Search code examples
pythonhtmlbeautifulsouphref

Python html parsing using beautifulsoup framework


I'm using Beauitful soup framework to retreive the link (href from the below html content)

         <div class="store">
               <label>Store</label>
                 <span>
                   <a title="Open in Google Play" href="https://play.google.com/store/apps/details?id=com.opera.mini.android" target="_blank">
                        <!-- ><span class="ui-icon app-store-gp"></span> -->
                        Google Play
                   </a><i class="icon-external-link"></i>
                 </span>
             </div>

I used the following code to retrieve this in python:

 pageFile = urllib.urlopen("appannie.com/apps/google-play/app/com.opera.mini.android")
 pageHtml = pageFile.read()
 pageFile.close()
 print pageHtml
 soup = BeautifulSoup("".join(pageHtml))
 item = soup.find("a", {"title":"Open in Google Play"})

 print item

I get NoneType as the output.
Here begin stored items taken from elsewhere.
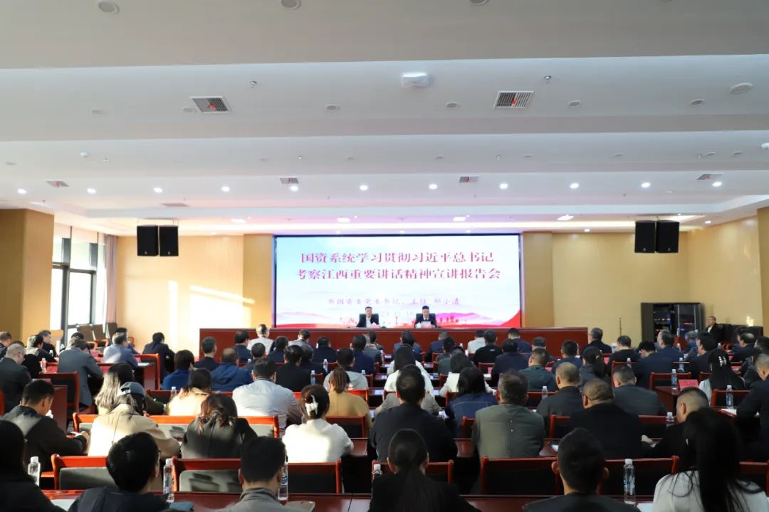11月16日,學(xué)習(xí)貫徹習(xí)近平總書記考察江西重要講話精神市委宣講團(tuán)報(bào)告會(huì)走進(jìn)市國(guó)資系統(tǒng)。市委宣講團(tuán)成員,市國(guó)資委黨委書記、主任鄒小清作宣講報(bào)告。市國(guó)資委黨委委員、副主任彭紹平主持報(bào)告會(huì)。市國(guó)資委領(lǐng)導(dǎo)班子成員,市發(fā)投集團(tuán)、城投公司、國(guó)投集團(tuán)、旅游集團(tuán)等13家市屬國(guó)有企業(yè)班子成員,基層黨支部書記,黨員群眾代表及市國(guó)資委機(jī)關(guān)干部,共計(jì) 150余人參加。
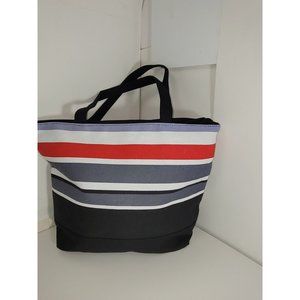 Shoppers Tote Bag Stripe Multicolor Black Red Shoulder BEACH Bag - Stylish
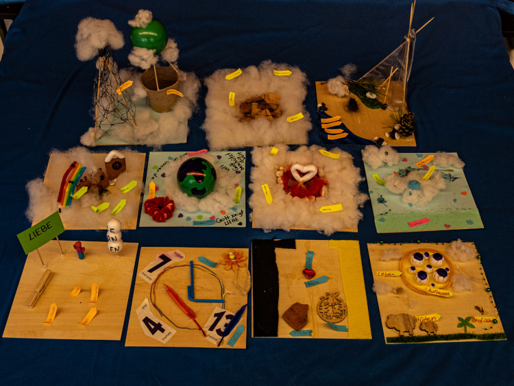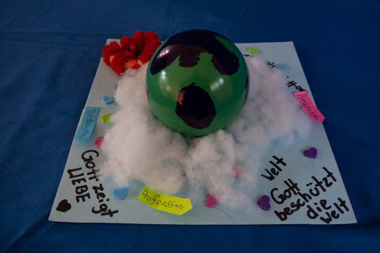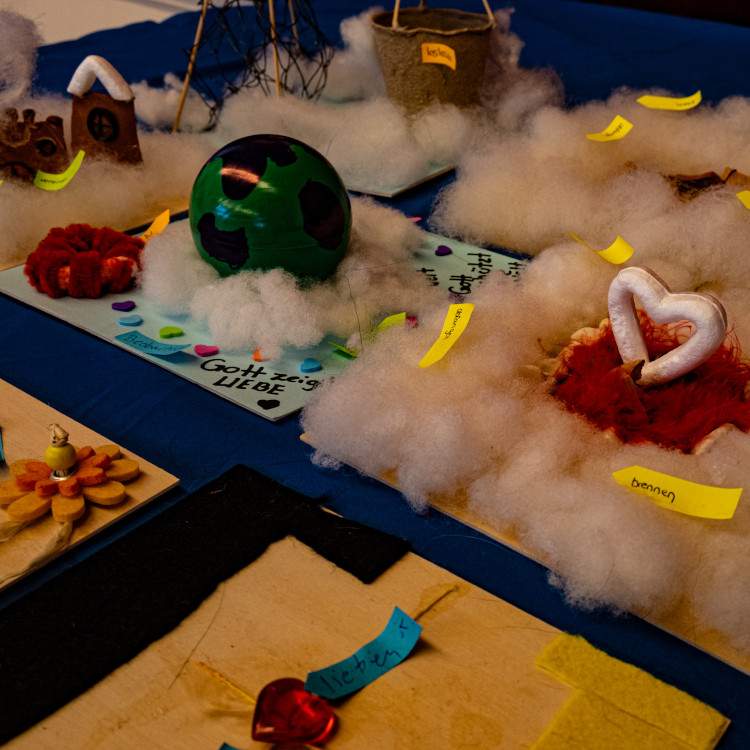 Mit solchen Fragen beschäftigten wir uns im letzten Konfikurs. Die Konfirmand*innen haben überlegt, was ihnen wichtig ist, sie haben in der Bibel nachgelesen, welche Bilder da vorkommen. Und sie haben jeweils eine Fliese gestaltet mit ihrem Bild von Gott. Gott schützt die ganze Welt, Gott begleitet durch die Zeit, Gott gibt Freiraum und Schutz zugleich, Gott ist Liebe, Gott lehrt die Liebe, das sind nur einige Aussagen dazu.
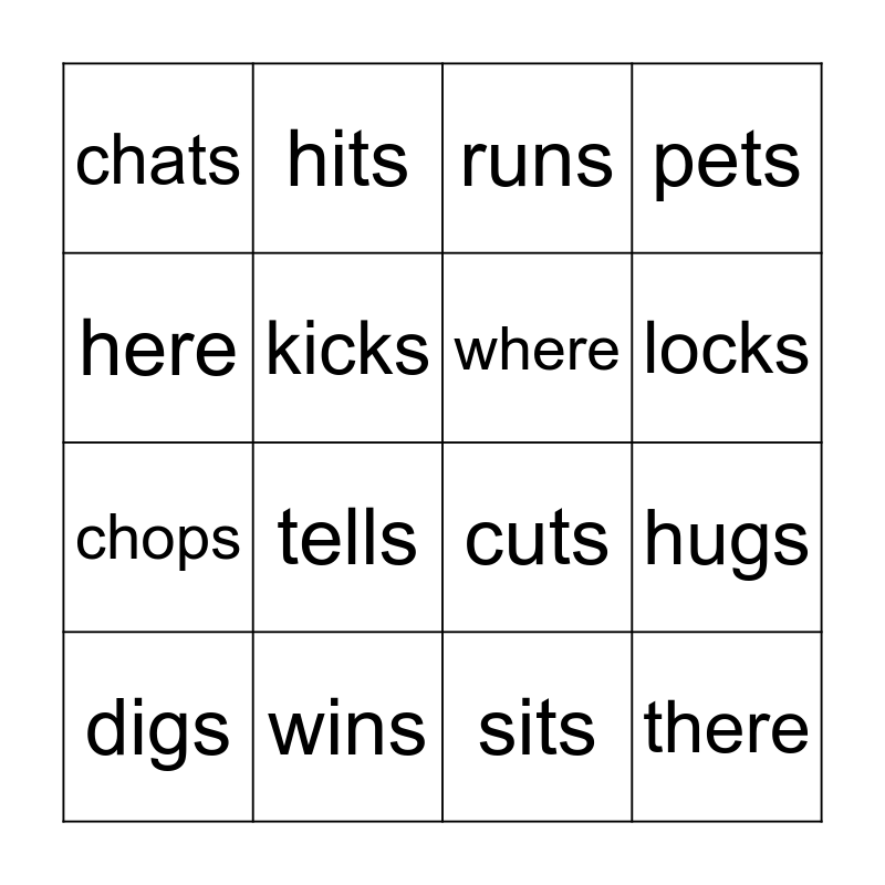 This bingo card has 16 words: wins, hugs, runs, chats, chops, hits, cuts, sits, here, kicks, digs, pets, tells, locks, where and there.
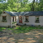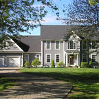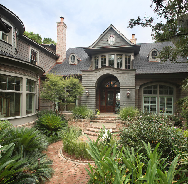 Love the cure of the two side windows. Love the 5 tall windows on the 2nd level. love the two round windows. Love the brick walkway.
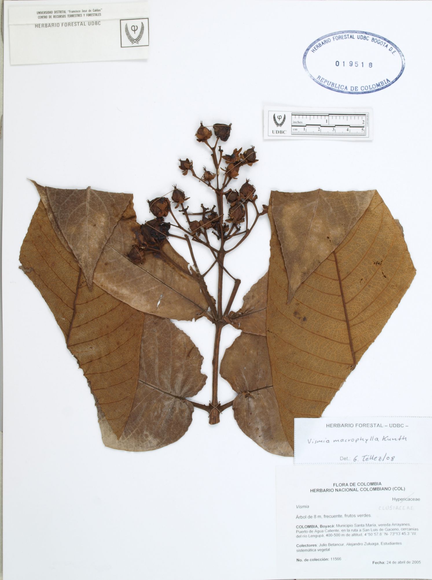 Fotografía del ejemplar Betancur, J. 11566, determinado como Vismia macrophylla en el año 2008
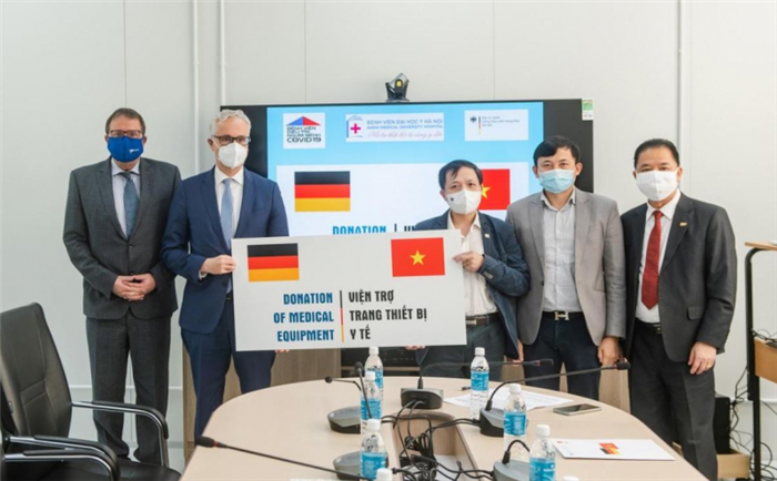 Ngày 24/11, Đại sứ Đức tại Việt Nam Guido Hildner đã trao 75 máy thở, 15 Monitor và 20.000 máy đo nồng độ ôxy và nhịp tim cho Bệnh viện trường Đại học Y Hà Nội.
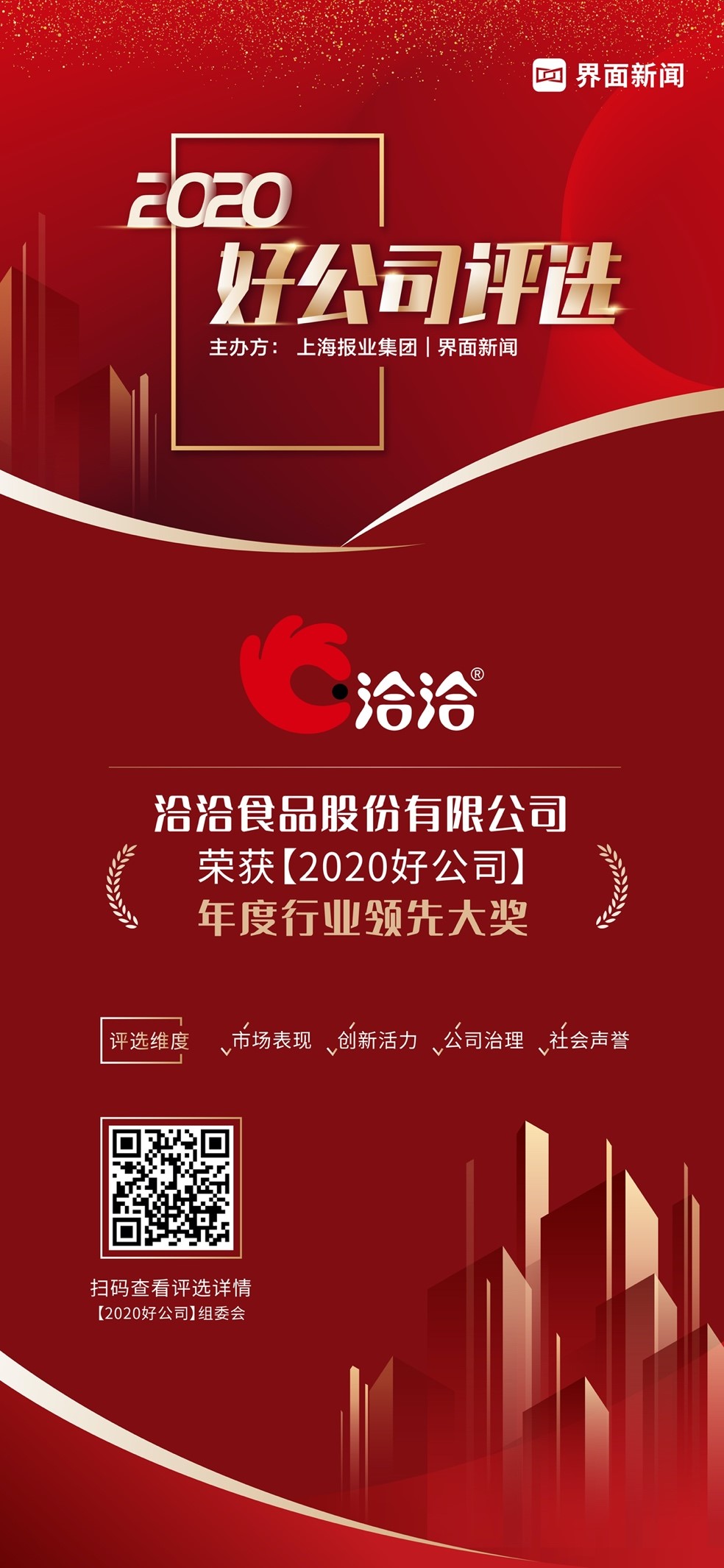 12月23日,上海报业集团l界面新闻在在上海静安瑞吉酒店举办了【2020好公司】颁奖典礼,并正式公布了本年度获奖名单。来自36个细分行业440逾家候选公司,经大众投票统计、市场表现、创新能力、治理体系和社会声誉等方面的角逐,最终54家优质企业突出重围荣登年度荣誉榜单。洽洽食品凭借健全的营销网络,引领中国坚果炒货行业的发展,荣膺【2020好公司——行业领先大奖】。
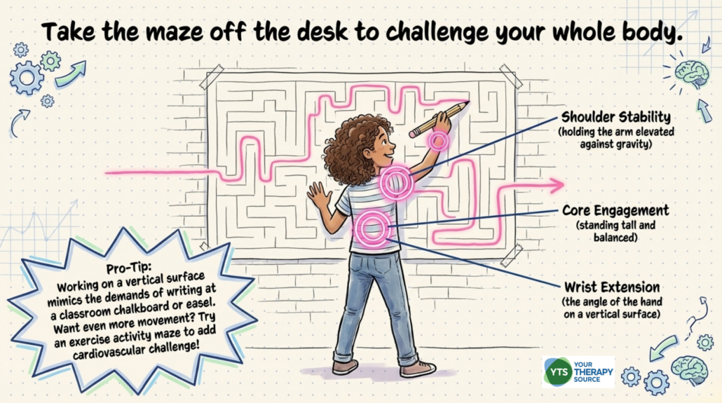 - Use vertical surfaces: Tape the maze to a wall to promote wrist extension and shoulder stability alongside fine motor goals
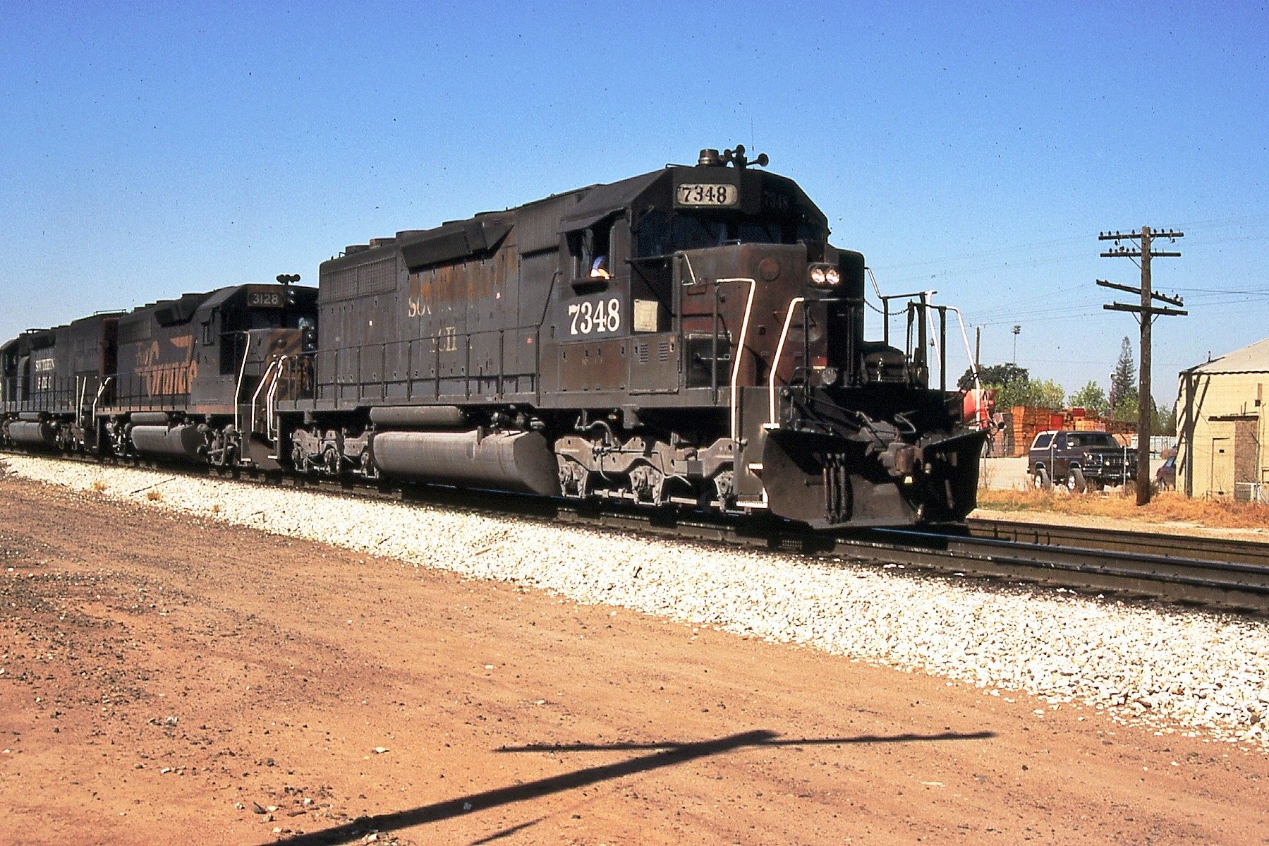She was rebuilt and renumbered to SP 7348 as part of the SP's GRIP program on 01/29/1981. The most visible external change was the addition of a full set of Gyralight to the rear of the unit.
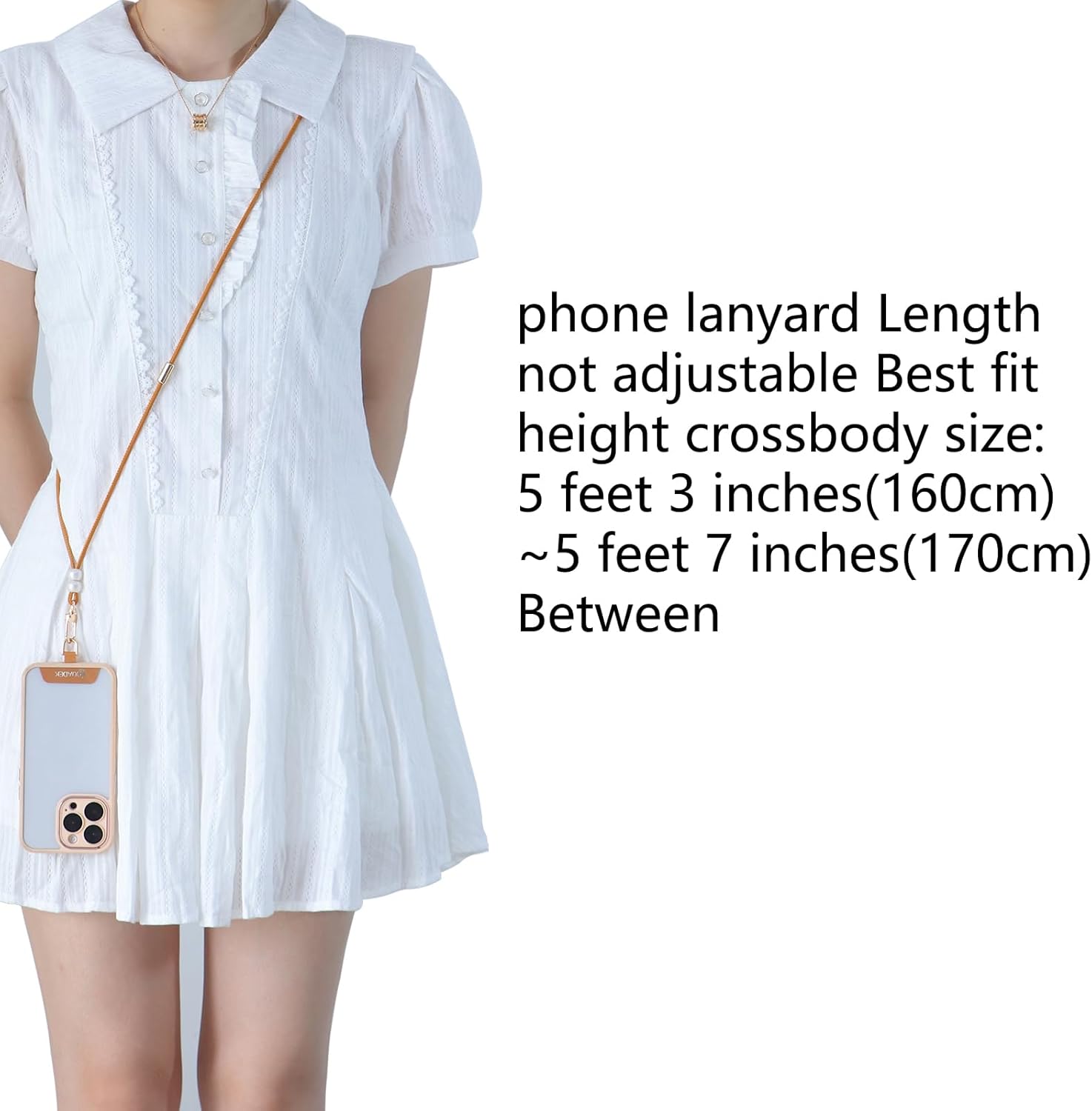 - phone lanyard Length not adjustable Best fit height crossbody size:5 feet 3 inches(160cm)~5 feet 7 inches(170cm) Between phone strap Crafted from high-quality leather, the strap provides a sturdy and comfortable grip for your phone.
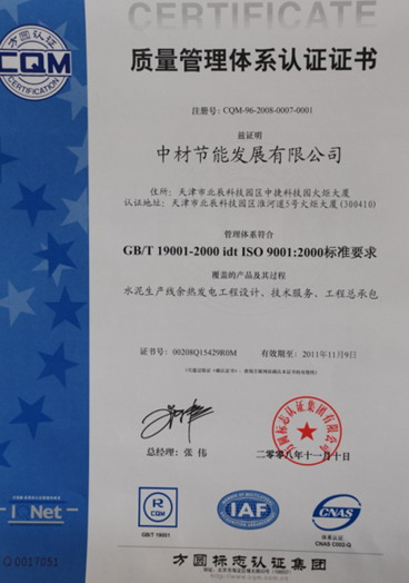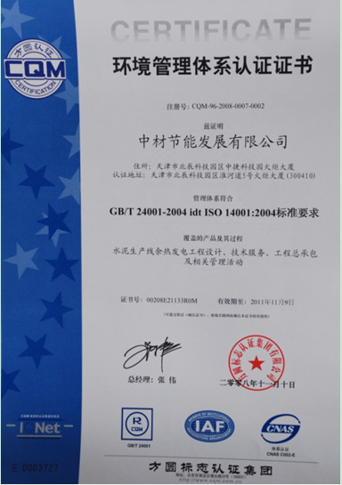近日,中材節(jié)能順利通過方圓標(biāo)志認(rèn)證集團(tuán)審核專家組對公司進(jìn)行的三項(xiàng)體系(質(zhì)量、環(huán)境及健康安全管理體系)認(rèn)證審核,取得了ISO9001:2000質(zhì)量管理體系、ISO14001:2004環(huán)境管理體系及GB/T28001-2001職業(yè)健康安全管理體系認(rèn)證證書。
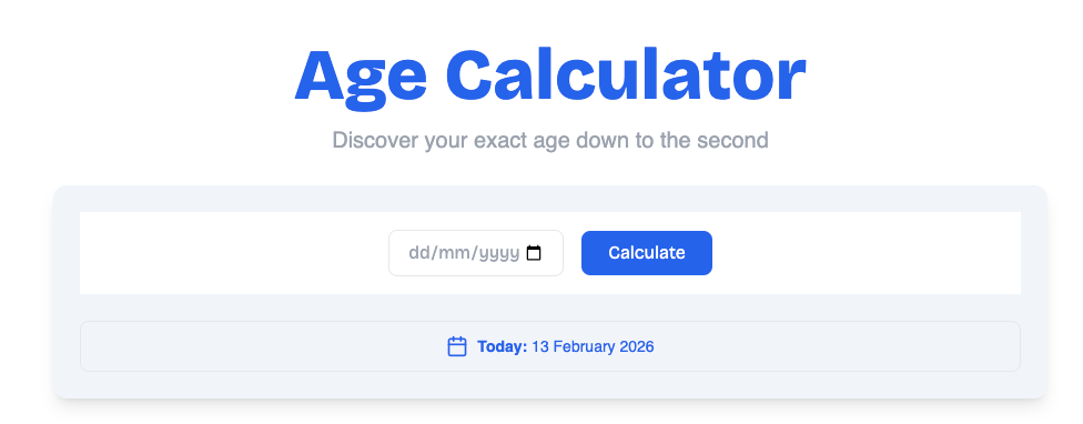 The Age Calculator is built with a modern and visually pleasing design. Soft gradients and a responsive layout make the interface feel clean and welcoming. When the results appear, smooth count-up animations display the age in an engaging way. Instead of numbers abruptly showing on the screen, they transition naturally, creating a polished user experience.

Any help would be really great.

I printed out the html page and the output was as follows:

  <html>
  <head><title>503 Service Temporarily Unavailable</title></head>
  <body bgcolor="white">
  <center><h1>503 Service Temporarily Unavailable</h1></center>
  <hr><center>nginx</center>
  </body>
  </html>

It works fine on the browser


Solution

  • item = soup.find("a", {"title":"Open in Google Play"})
    

    You were initially searching for a "span" with a title "Open in Google Play", however the element that you're looking for is an "a" (a link).

    Edit: since it appears that the server returns a 503 error, try setting a common user-agent with this code (not tested, it may not work at all; you'll need to import urllib2) :

    soup = BeautifulSoup(urllib2.urlopen(urllib2.Request(sampleURL, None, {"User-Agent":"Mozilla/5.0 (Windows NT 6.1; WOW64; rv:25.0) Gecko/20100101 Firefox/25.0"})).read())
    item = soup.find("a", {"title":"Open in Google Play"}) 
    print item
    

    Also I removed the useless "".join(pageHtml) since urllib2 already returns strings so there's no need for join.